[Items from a dataset]
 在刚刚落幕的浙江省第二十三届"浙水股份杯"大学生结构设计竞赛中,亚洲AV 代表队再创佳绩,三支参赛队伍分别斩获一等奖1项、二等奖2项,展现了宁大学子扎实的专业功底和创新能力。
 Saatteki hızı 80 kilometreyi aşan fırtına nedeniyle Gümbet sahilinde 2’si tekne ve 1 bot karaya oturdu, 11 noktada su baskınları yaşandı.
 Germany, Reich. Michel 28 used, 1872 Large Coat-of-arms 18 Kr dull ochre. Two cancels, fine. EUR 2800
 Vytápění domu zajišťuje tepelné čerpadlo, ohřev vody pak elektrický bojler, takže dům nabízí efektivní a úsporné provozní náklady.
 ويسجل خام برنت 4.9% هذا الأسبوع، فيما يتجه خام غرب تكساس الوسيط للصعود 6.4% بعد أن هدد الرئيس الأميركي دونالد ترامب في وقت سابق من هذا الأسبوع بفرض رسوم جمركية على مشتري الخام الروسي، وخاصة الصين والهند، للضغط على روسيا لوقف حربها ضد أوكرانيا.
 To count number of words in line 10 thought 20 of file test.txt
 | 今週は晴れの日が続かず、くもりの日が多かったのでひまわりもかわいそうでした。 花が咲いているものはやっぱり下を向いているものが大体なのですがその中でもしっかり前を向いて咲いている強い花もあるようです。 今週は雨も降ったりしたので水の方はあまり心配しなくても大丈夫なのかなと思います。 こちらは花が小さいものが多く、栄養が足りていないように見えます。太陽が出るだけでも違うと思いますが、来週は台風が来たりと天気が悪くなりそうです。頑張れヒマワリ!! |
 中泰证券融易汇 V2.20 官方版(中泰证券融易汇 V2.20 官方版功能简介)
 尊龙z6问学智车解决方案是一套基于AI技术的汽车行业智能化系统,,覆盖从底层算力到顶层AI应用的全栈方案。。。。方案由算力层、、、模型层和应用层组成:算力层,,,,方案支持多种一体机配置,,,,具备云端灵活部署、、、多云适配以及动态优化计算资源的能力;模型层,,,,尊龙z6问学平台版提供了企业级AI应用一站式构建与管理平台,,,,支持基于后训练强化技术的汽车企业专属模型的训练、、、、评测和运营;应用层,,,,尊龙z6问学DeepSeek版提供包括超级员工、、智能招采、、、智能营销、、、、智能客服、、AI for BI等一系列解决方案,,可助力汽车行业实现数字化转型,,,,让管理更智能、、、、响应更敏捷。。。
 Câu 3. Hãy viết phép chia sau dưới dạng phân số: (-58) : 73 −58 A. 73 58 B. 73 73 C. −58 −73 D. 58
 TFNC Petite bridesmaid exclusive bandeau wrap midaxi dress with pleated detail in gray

- _What needs to be done_
The lines running from the start of the data through the one that contains "Vytápění domu zajišťuje" should be reproduced exactly, and only those.

- _Written answer_
 在刚刚落幕的浙江省第二十三届"浙水股份杯"大学生结构设计竞赛中,亚洲AV 代表队再创佳绩,三支参赛队伍分别斩获一等奖1项、二等奖2项,展现了宁大学子扎实的专业功底和创新能力。
 Saatteki hızı 80 kilometreyi aşan fırtına nedeniyle Gümbet sahilinde 2’si tekne ve 1 bot karaya oturdu, 11 noktada su baskınları yaşandı.
 Germany, Reich. Michel 28 used, 1872 Large Coat-of-arms 18 Kr dull ochre. Two cancels, fine. EUR 2800
 Vytápění domu zajišťuje tepelné čerpadlo, ohřev vody pak elektrický bojler, takže dům nabízí efektivní a úsporné provozní náklady.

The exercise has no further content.